Thermal annealing is widely used to improve crystal quality, which affects electrical and structural properties by reducing study defects in materials. Therefore, enormous research efforts were focused on the control of material surface nanostructure through annealing processes, which is of interest for various technologies. However, no work providing a detailed explanation for the structural, morphological and optical parameters of nanostructured TiO2 thin films deposited on glass at temperature above 500 degrees C by the sol-gel dip coating method has been presented to date. In this work, we have grown nanostructured TiO2 thin films by sol-gel dip coating method on glass substrates at room temperature and studied the effects of annealing temperature from 200 to 700 degrees C on optical performance, microstructural changes and surface morphology evolution. The results of this work may be summarised as follows: the X-ray diffraction results show that annealed TiO2 thin films have anatase crystal structure, and the intensities of the peaks of the crystalline phase increased with the increase in annealing temperature; from atomic force microscopy images, distinct variations in morphology of the thin films were also observed; and optical results show that TiO2 films exhibit high visible transmittance, and it has a maximum transmittance of similar to 93.61% at 500 degrees C annealing temperature.
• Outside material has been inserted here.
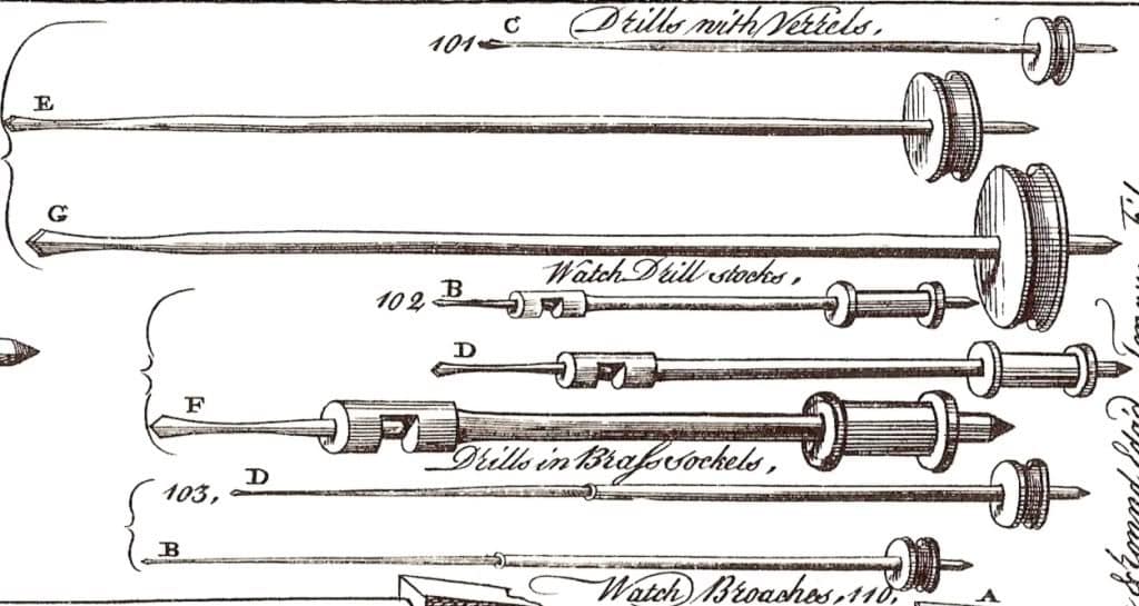 Three bow drills (r.), offered by Alfred Dolge in his 1892 catalogue. Erlandsen’s, shown on top, was sold as the choice with #1 quality; the others were less expensive.

The optical band gap of the as grown thin films decreases from 3.68 to 3.31 eV with the increase in annealing temperatures. The TiO2 thin film annealed at 500 degrees C has the best optical property. The change in structural, morphological and optical properties with annealing temperature demonstrates that this material has a potential to be used as a novel technology such as nanoelectronics and possibly nano-optoelectronic devices based on nanomaterial for insulating, semiconducting and electron and/or hole blocking layer, etc.